Provided entries =
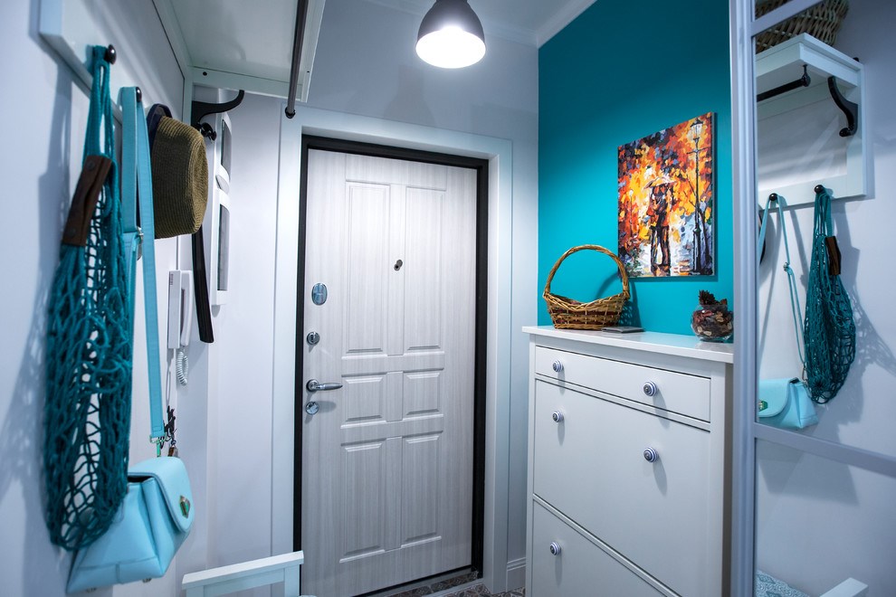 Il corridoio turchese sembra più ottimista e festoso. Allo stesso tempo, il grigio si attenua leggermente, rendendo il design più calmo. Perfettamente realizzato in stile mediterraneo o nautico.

* * *

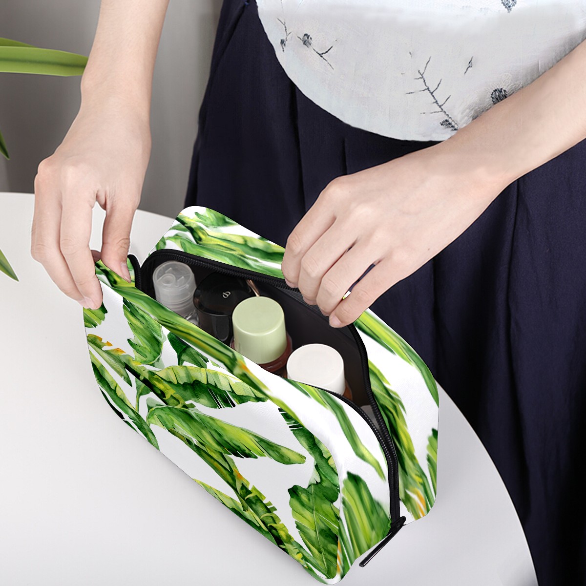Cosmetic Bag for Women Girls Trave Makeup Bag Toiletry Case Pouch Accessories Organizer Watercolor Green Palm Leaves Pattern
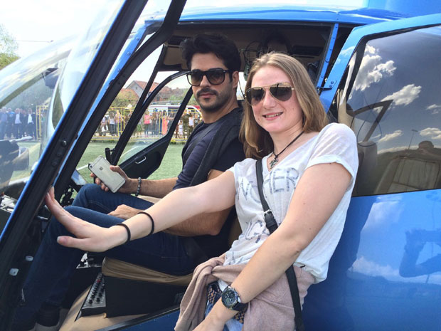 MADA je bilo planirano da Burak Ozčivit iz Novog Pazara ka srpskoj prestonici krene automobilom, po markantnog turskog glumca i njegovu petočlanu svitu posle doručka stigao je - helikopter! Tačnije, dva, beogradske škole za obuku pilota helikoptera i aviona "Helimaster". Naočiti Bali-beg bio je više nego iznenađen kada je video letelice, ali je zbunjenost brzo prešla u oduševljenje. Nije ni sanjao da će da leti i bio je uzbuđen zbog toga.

Work request =
Take only the lines above from the one that has "Cosmetic Bag for" through the one that has "MADA je bilo" and reproduce them exactly, omitting any pictures.

Task answer =
Cosmetic Bag for Women Girls Trave Makeup Bag Toiletry Case Pouch Accessories Organizer Watercolor Green Palm Leaves Pattern
 MADA je bilo planirano da Burak Ozčivit iz Novog Pazara ka srpskoj prestonici krene automobilom, po markantnog turskog glumca i njegovu petočlanu svitu posle doručka stigao je - helikopter! Tačnije, dva, beogradske škole za obuku pilota helikoptera i aviona "Helimaster". Naočiti Bali-beg bio je više nego iznenađen kada je video letelice, ali je zbunjenost brzo prešla u oduševljenje. Nije ni sanjao da će da leti i bio je uzbuđen zbog toga.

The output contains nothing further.